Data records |
■ ■ ■ ■
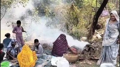 खुले खेत में सामूहिक रूप से पकाया जाता है भोजन
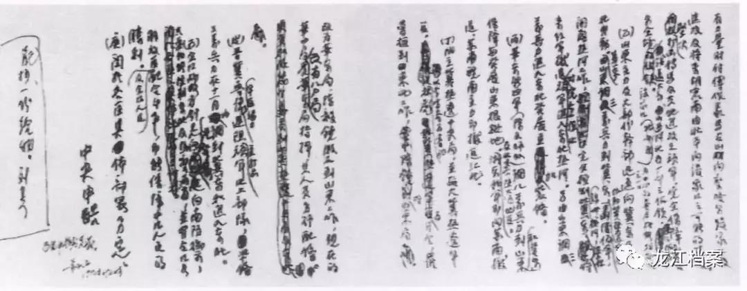 刘少奇为中共中央起草的“向北发展,向南防御”的战略方针手稿
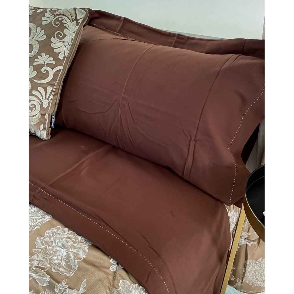 Questo completo letto matrimoniale è del marchio I Sogni. Morbido e caldo è realizzato in flanella ricamata, adatto per l'inverno. Nella colorazione del marrone. Il completo comprende il lenzuolo piano, lenzuolo con angoli e due federe a sacchetto.
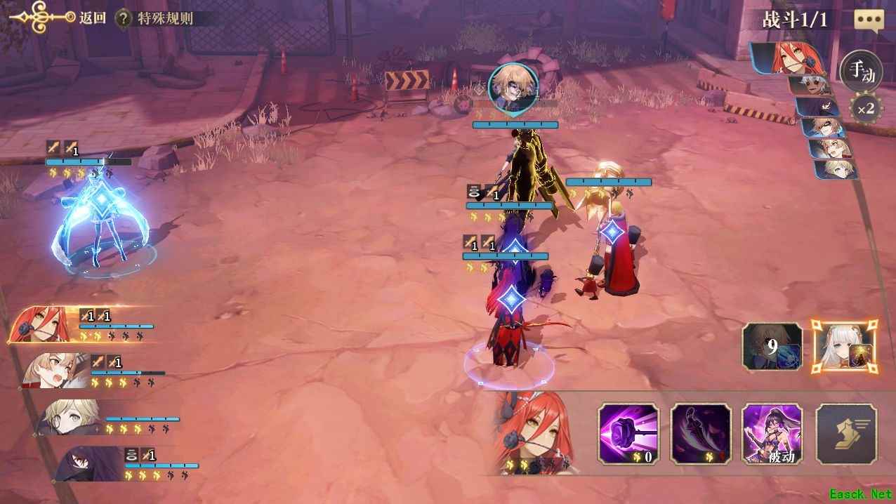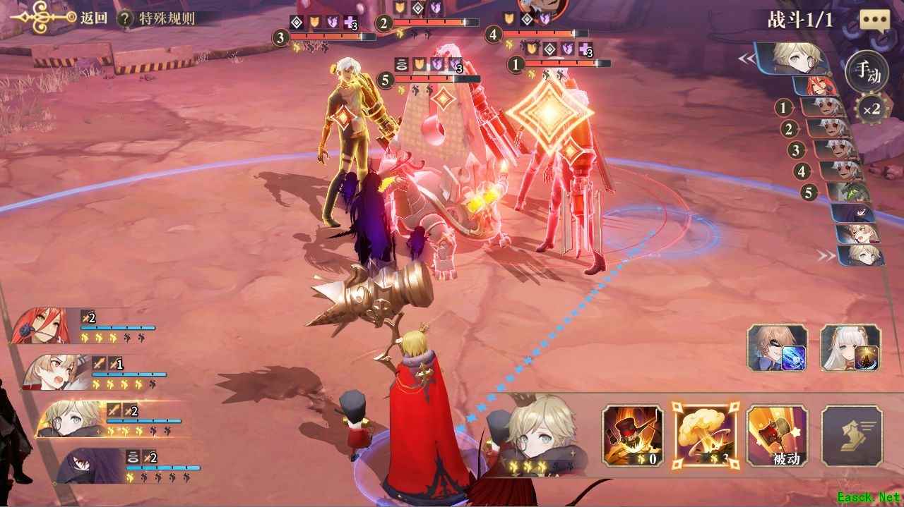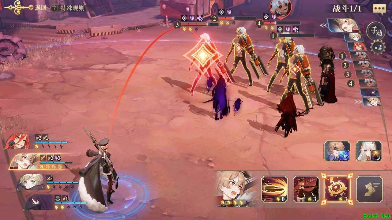 一般在怪物攒够3点能量的时候场上应该只剩1只,如果剩余1只以上,就需要依靠援护来扛过爆发了。不过要注意的是,本关的四只远程怪会优先攻击我方远程单位《论战争理论》卡琳,因此请优先给卡琳使用《沙之书》阿莱娜援护,另外其他人尽量分散站位,避免被怪物大招刮到。
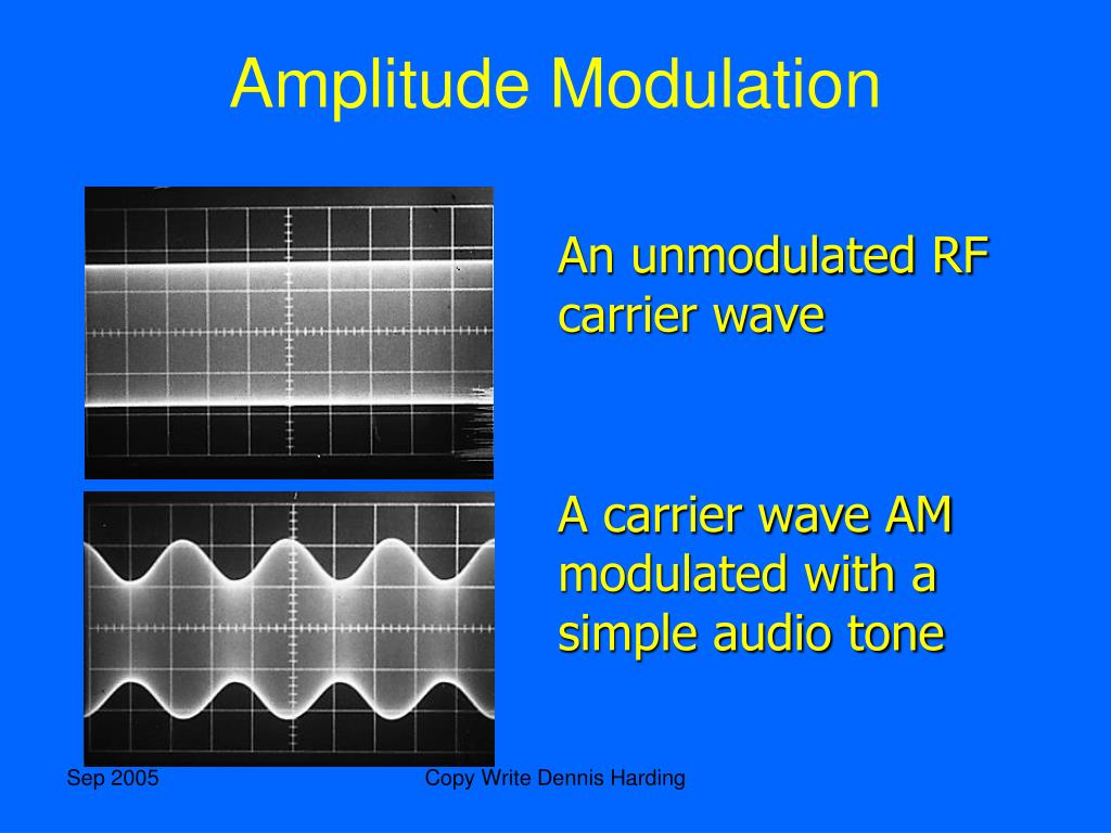 Amplitude Modulation An unmodulated RF carrier wave A carrier wave AM modulated with a simple audio tone Copy Write Dennis Harding
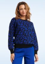 Lennie Leopard Strickpullover in Schwarz und Kobaltblau
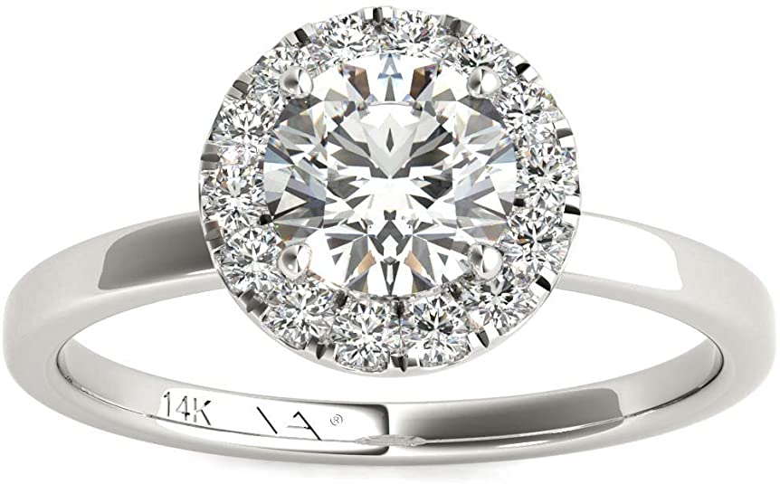 Vaarya 14K White Gold Natural Diamonds Halo Engagement Ring (1.00 Ctw AGS Certified GH/SI2-I1)
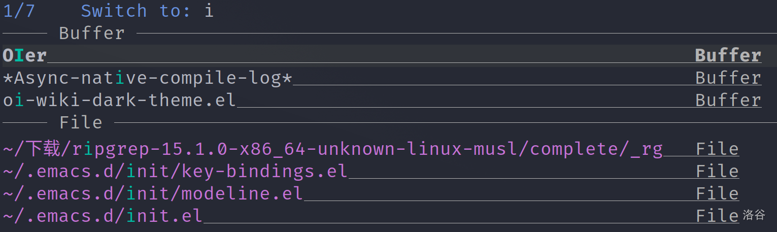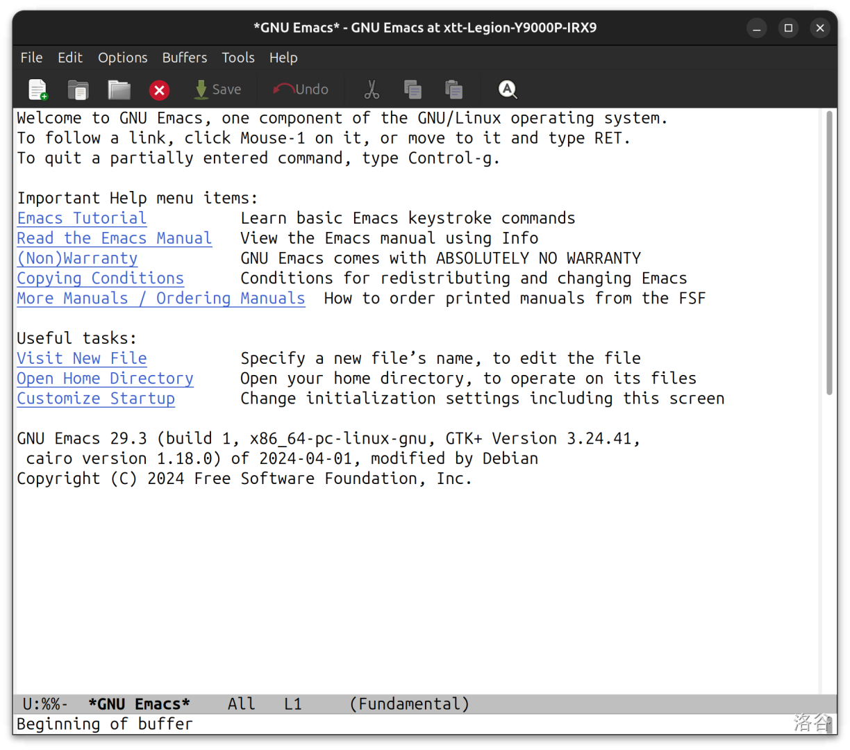 - minibuffer:modeline 下面就是 minibuffer。minibuffer 用来显示一些信息或提示。上图中 minibuffer 里显示着“Beggining of buffer”的字样。在 minibuffer 输入时可以向终端那样按
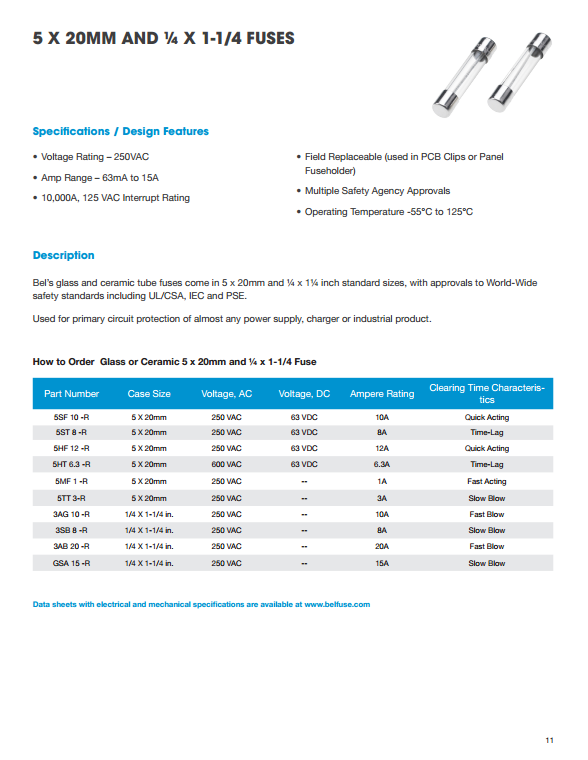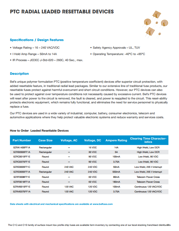 1、磚微型表面貼裝保險絲 2、薄型表面貼裝芯片保險絲 3、薄型SMD可復位器件 4、徑向PTC自恢復設備 5、250/277/350伏徑向保險絲 6、預制600V徑向保險絲 7、微型軸向引線保險絲 8、玻璃和陶瓷保險絲
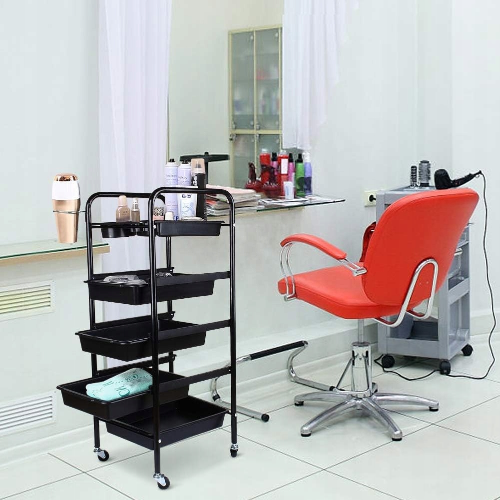 Верхня частина візка обладнана різними відділеннями та виїмкамиу який ви можете легко помістити фарби, пляшки та професійні продукти, необхідні за потреби, а також має практичний тримач для фена.
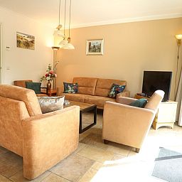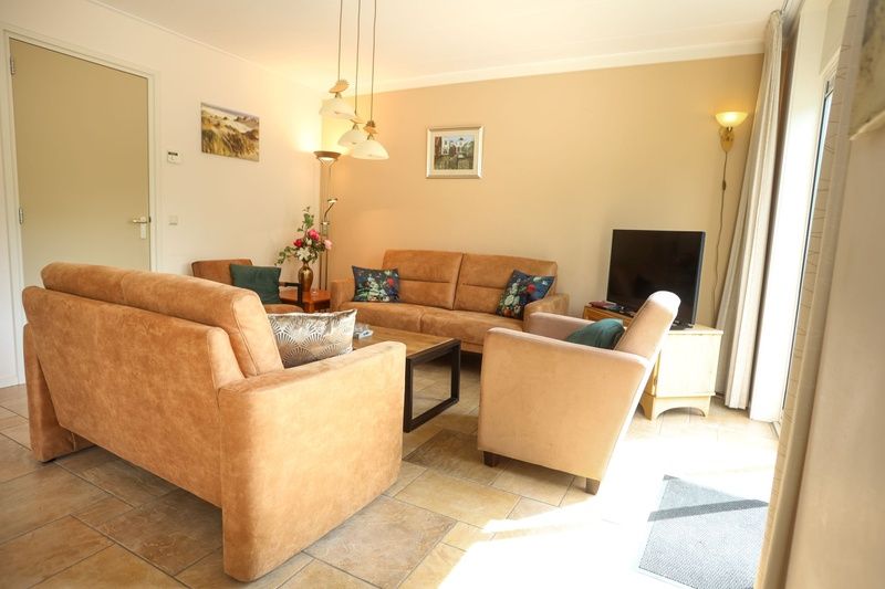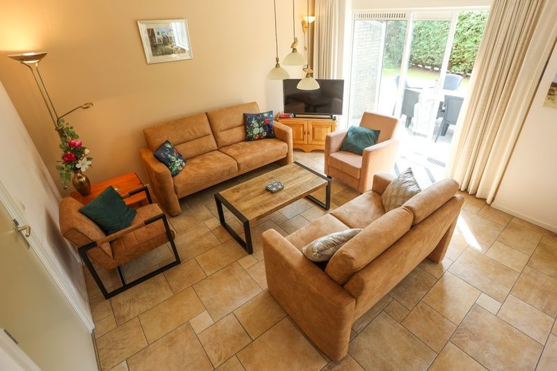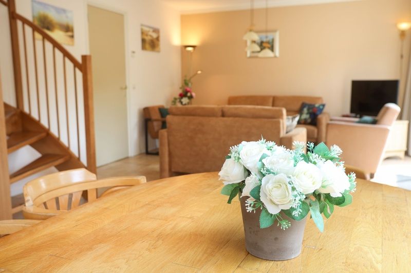 Le salon de cette maison de vacances indépendante dispose d'un coin salon, d'une télévision, d'une radio/lecteur CD et d'un coin repas. La cuisine ouverte est équipée d'une plaque de cuisson au gaz, d'un réfrigérateur, d'un four combiné, d'un lave-vaisselle, d'un grille-pain, d'un presse-agrumes, d'une bouilloire et d'une cafetière. Il y a une chambre à coucher avec un lit double à sommier tapissier (matelas 2x 90 x 200). La salle de bains attenante est équipée d'une douche à effet de pluie, d'un lavabo et de toilettes avec système de ralentissement. Une machine à laver se trouve dans le cellier. A l'étage se trouvent deux chambres à coucher, chacune avec deux lits à sommier tapissier (90 x 200). Il y a une deuxième salle de bains avec baignoire, douche à effet de pluie, lavabo et toilettes avec système de ralentissement. Cette maison de vacances dispose d'un jardin avec une grande terrasse orientée au sud. Des meubles de jardin sont disponibles.
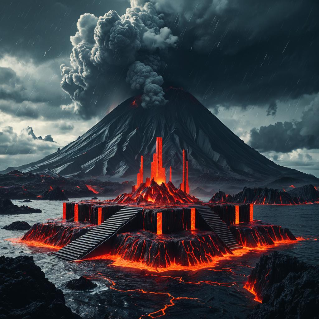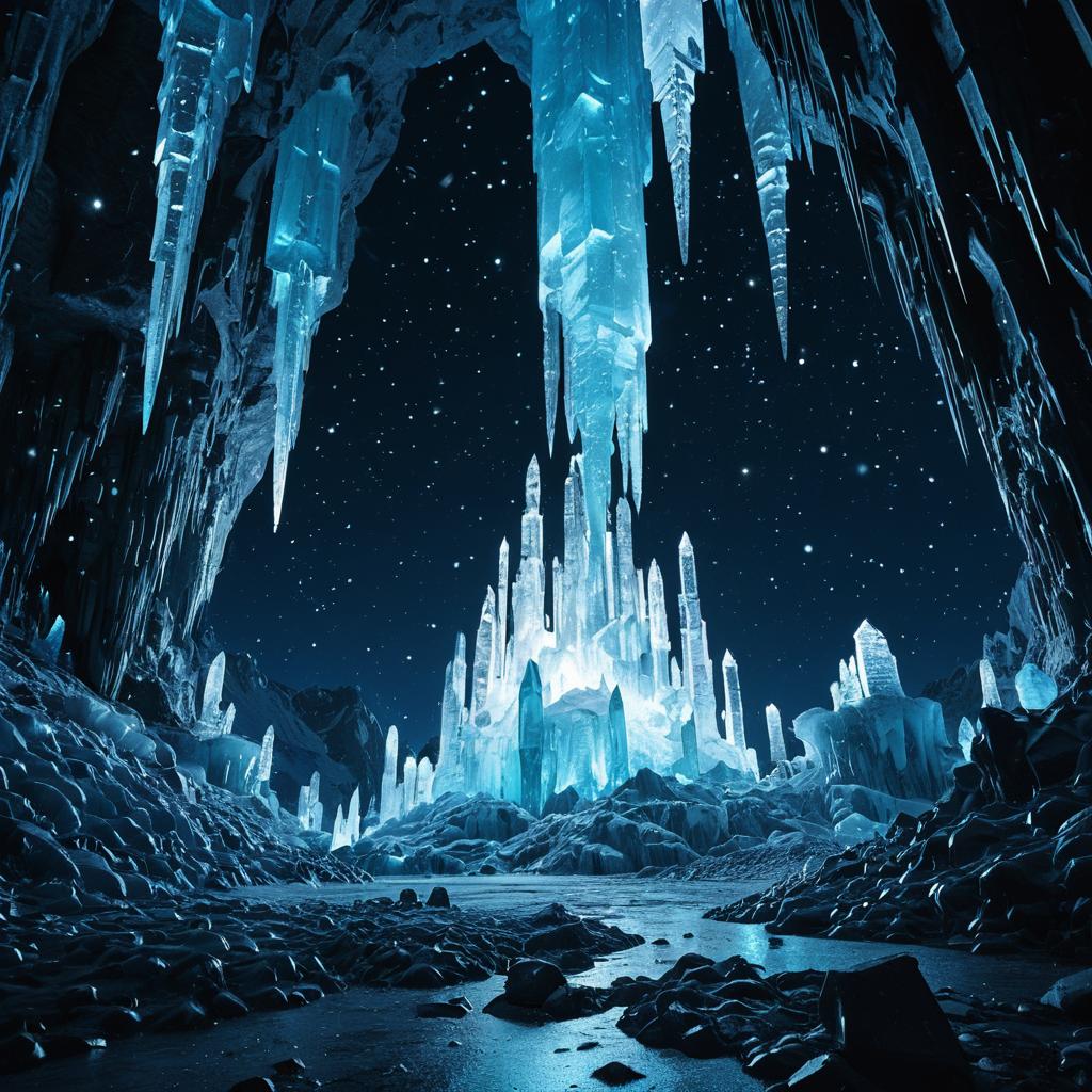 A Beeple-style render of a starlit ice cavern, featuring crystal stalagmites, glowing frozen flora, set under deep indigo sky with shooting stars, captured with 90mm lens, super-resolution, hyperrealistic, cinematic, intricate, and surreal
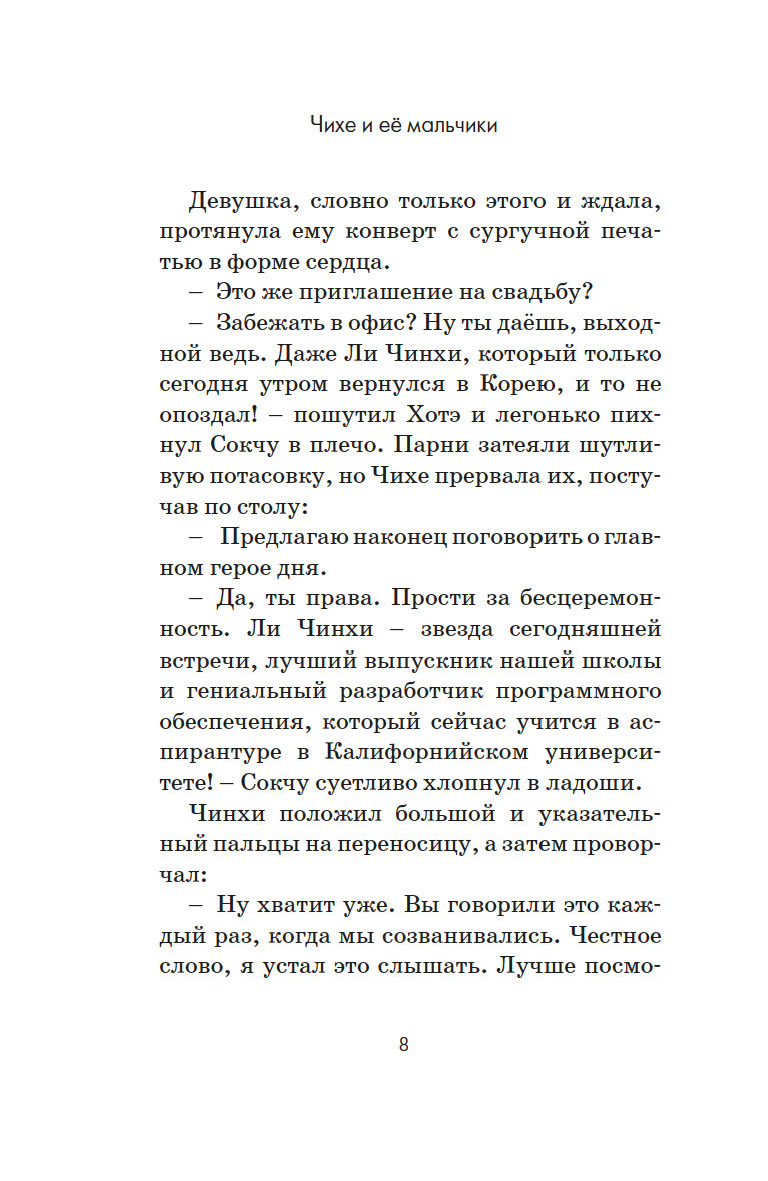 Первый день в новой школе – что можно успеть? Разбить чужой телефон? Запросто! Потерять деньги? Легко! Застрять в туалете? Как нечего делать! Да-да, всё это произошло с Чихе. Она только переехала в Сеул и собиралась вести тихую и незаметную жизнь, но судьба решила иначе: ей на пути встретились сразу три симпатичных парня. Ребят связала крепкая дружба, но как быть, если в их идеальные отношения вмешались любовь и ревность?
■ ■ ■ ■
Working from the entries above, please transcribe only the lines from the line with "Questo completo letto" through the line with "Amplitude Modulation An", exactly, with both end lines and without pictures.

 Questo completo letto matrimoniale è del marchio I Sogni. Morbido e caldo è realizzato in flanella ricamata, adatto per l'inverno. Nella colorazione del marrone. Il completo comprende il lenzuolo piano, lenzuolo con angoli e due federe a sacchetto.
 一般在怪物攒够3点能量的时候场上应该只剩1只,如果剩余1只以上,就需要依靠援护来扛过爆发了。不过要注意的是,本关的四只远程怪会优先攻击我方远程单位《论战争理论》卡琳,因此请优先给卡琳使用《沙之书》阿莱娜援护,另外其他人尽量分散站位,避免被怪物大招刮到。
 Amplitude Modulation An unmodulated RF carrier wave A carrier wave AM modulated with a simple audio tone Copy Write Dennis Harding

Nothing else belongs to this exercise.